First up is the "irresponsibility critique", which charges that "liberal theories of rights license irresponsible conduct instead of promoting ordered liberty" (p.4). Mary Ann Glendon's Rights Talk serves in Chapter 2 as the representative exemplar of this familiar objection. In brief, Rights Talk argues that America's public, civic and political discourse has become colonized by the individualistic language of rights, leaving us with a morally impoverished political culture, inattentive to the language and practices of civic responsibility. In defense of their constitutional liberalism, Fleming and McClain begin by challenging the plausibility of the causal connection Glendon's work posits: "it is unclear," they write, how a culture of personal irresponsibility "is due to the recognition and enforcement of legal rights" (p.29). Moreover, they contend that Glendon's critique is overdrawn; they argue that she has exaggerated the individualistic elements of legal liberalism and then objected to the caricature of liberalism that she herself has drawn. They invoke the work of Ronald Dworkin as representative of the legal liberalism they champion and point out several ways in which Dworkin is concerned with more than the bare protection of negative liberties. For example, when Dworkin defends his conception of rights grounded in respect for persons, he "envisions liberal citizens who care passionately about what they think is good and argue with and persuade each other concerning the good life" (p.42).

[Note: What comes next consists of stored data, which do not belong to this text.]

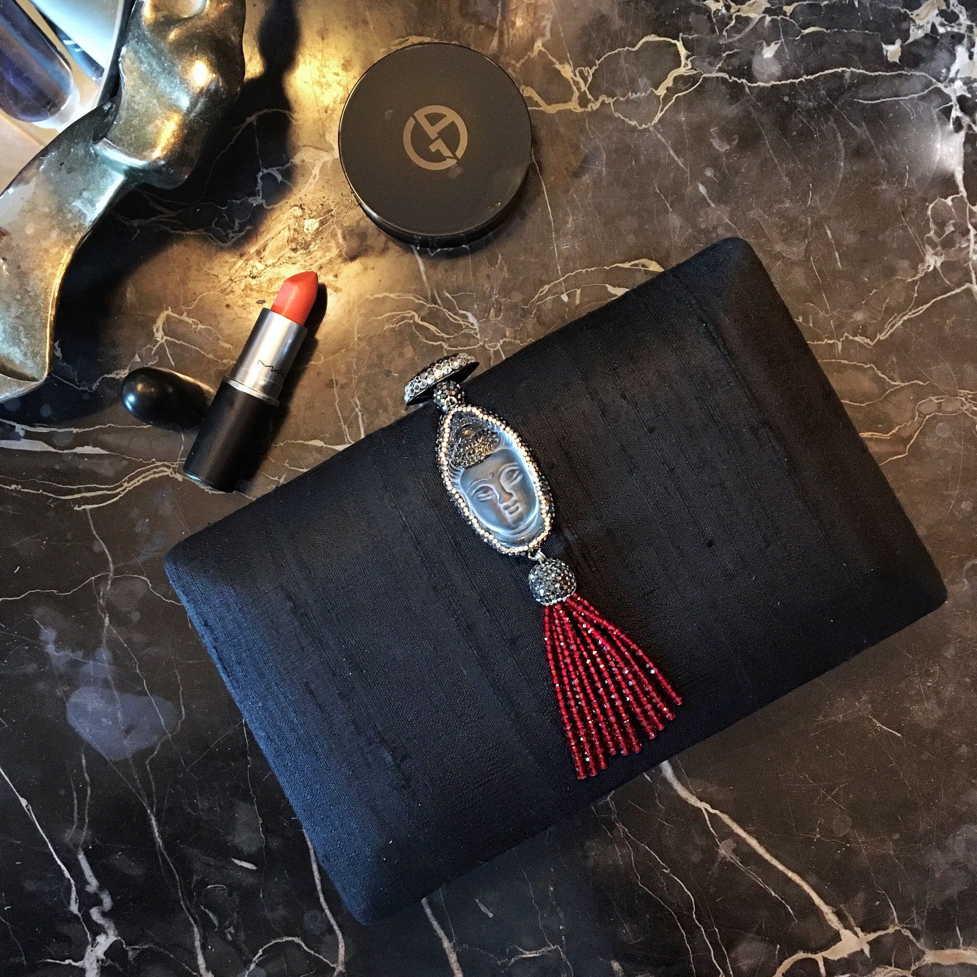 Handmade clutch bags with exquisite fabric coverings. Carry it in the palm of your hand or sling it over your shoulder with the included cross body chain.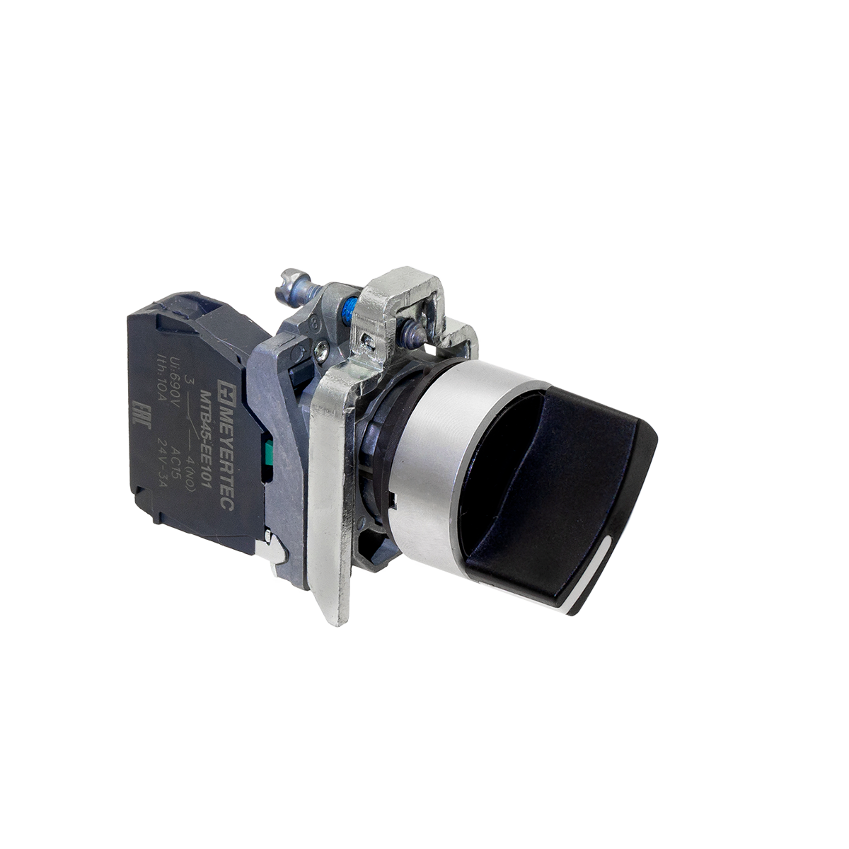 Переключатель на 2 положения с фиксацией, короткая ручка, 1NO, IP65, металл Meyertec MTB4-BD21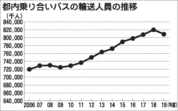 都内路線バス10年ぶり減、輸送人員・運送収入 コロナ禍が色濃く影響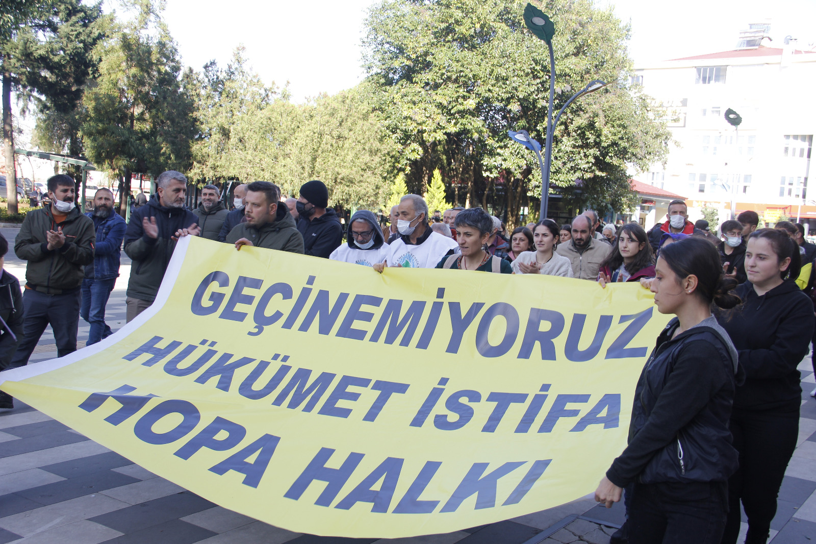 Hopa Parkı’nda bir araya gelen Hopalılar, “Geçinemiyoruz, hükümet istifa” pankartı ile yürüyüş yaptı. Yürüyüşe katılanlar sık sık “Hükümet istifa” sloganı atarken, çevredeki yurttaşlarda yürüyüşe destek verdi.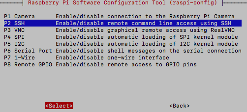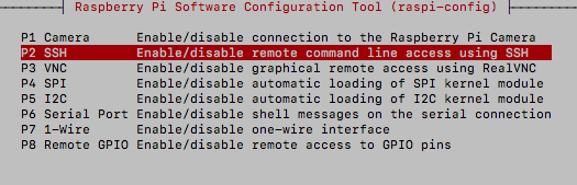 "P2 SSH"를 Enable한다. 내 경우에는 최초에만 원격으로 접속해서 설정하고, 실제 운영할 때는 외부 접속은 차단할 예정이다. 라즈베리파이에서 직접 설정할 계획이면, SSH를 disable시켜둔 상태에서 사용하는 것이 낫다.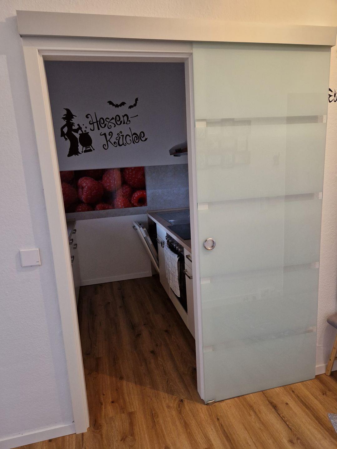 Im Wohn- Essbereich befindet sich eine gemütliche Couch und ein Esstisch mit 4 Stühlen. Das Wohnzimmer verfügt zudem über einen Smart-TV. In der gesamten Wohnung ist kostenloses WLAN verfügbar.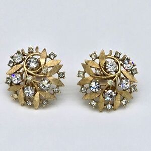 Crown TRIFARI Brushed Gold Tone Leaf Entwined w Rhinestones 1950s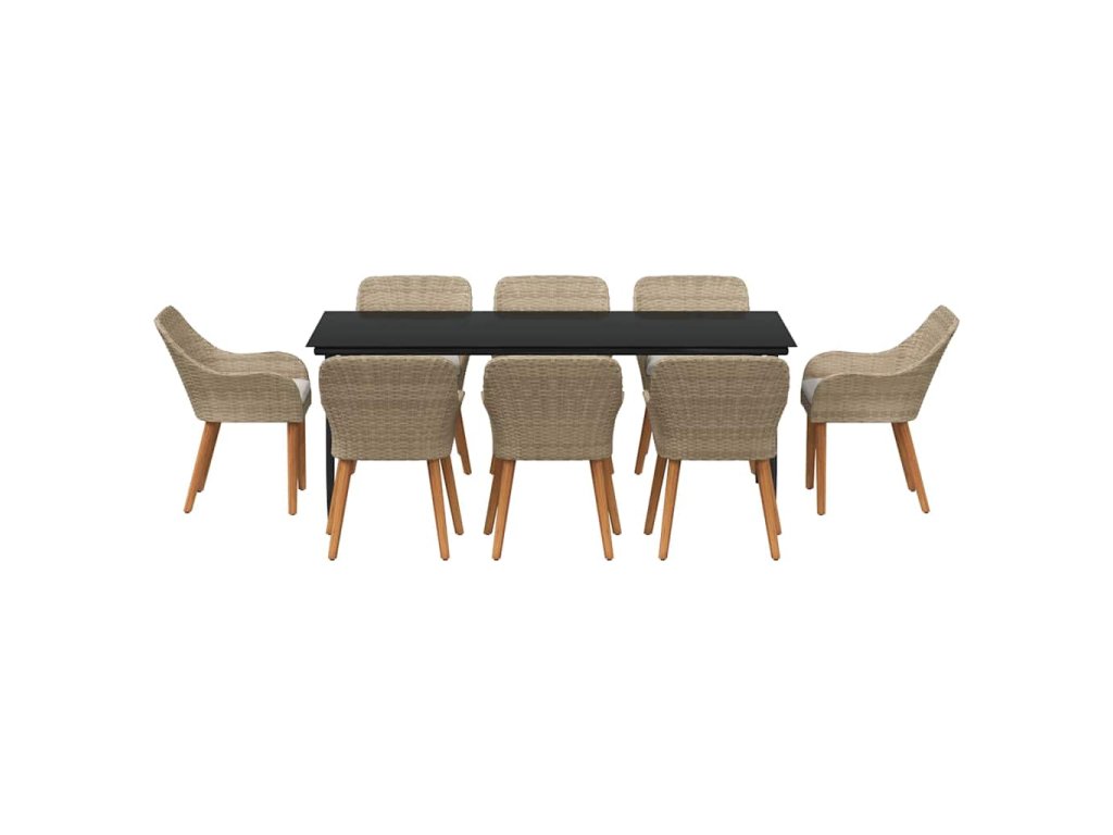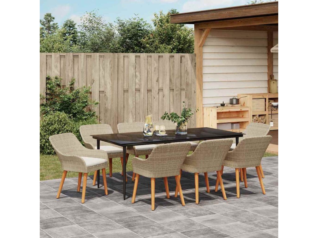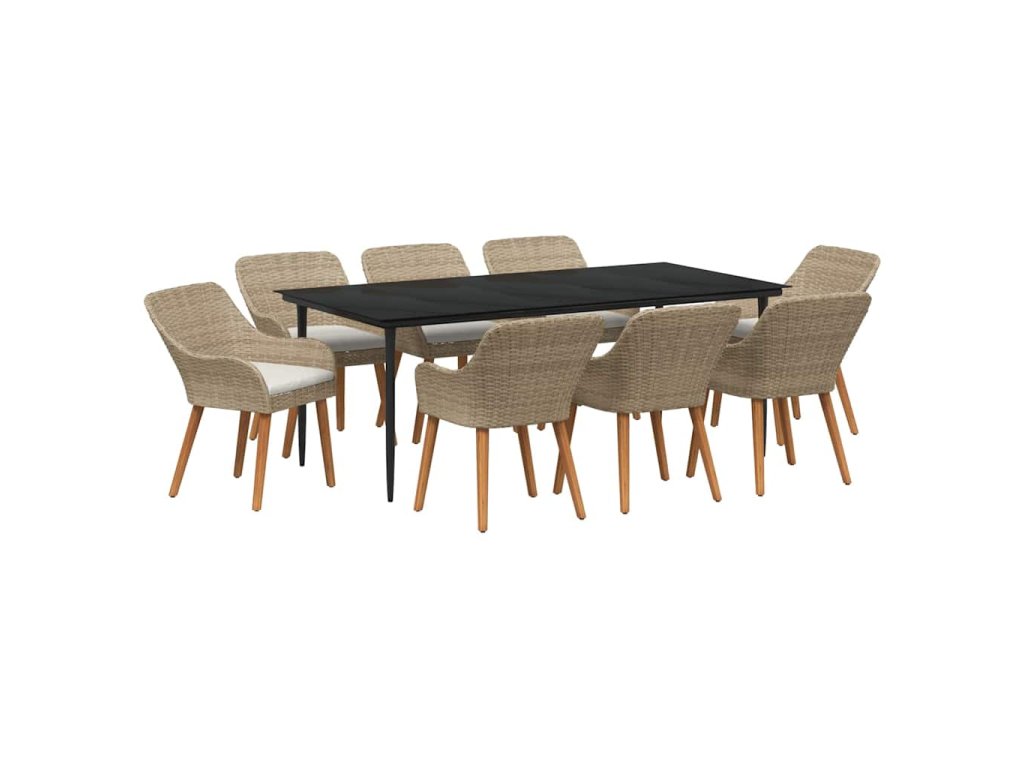Zahradní jídelní souprava s polštářem 9 pcs Béžová polyratan 3261697

Chapter Three continues the debate about the relationship between legal liberalism and responsibility by focusing on the right to abortion, which, Fleming and McClain claim, is the right that most frequently "draws the irresponsibility critique" (p.50). In replying to the charge that the abortion right encourages irresponsibility, the authors distinguish two senses of responsibility: responsibility as autonomy and responsibility as accountability (p.51). Opponents of abortion, they argue, endorse the latter sense of responsibility; Fleming and McClain endorse the former. In their view, to protect a woman's right to abortion is to guarantee that she will be responsible to her own conscientious best judgments about the [*317] nature and value of human life (p.68). Fleming and McClain offer qualified praise for the joint opinion in Planned Parenthood of Southeastern Pennsylvania v. Casey, which, they note, "arguably moved the law in [Glendon's] communitarian direction" (p.56). Like Dworkin, and like the plurality in Casey, Fleming and McClain ground "the right to decide whether to terminate a pregnancy in women's capacity to decide responsibly" (p.80). To the extent that Casey may be read as permitting governmental action to facilitate responsible and informed decision-making, they agree with it, though they express concern that the governmental moralizing it endorses does not offer the sort of "balanced presentation of the parameters of responsible reproductive choice" they advocate (p.67).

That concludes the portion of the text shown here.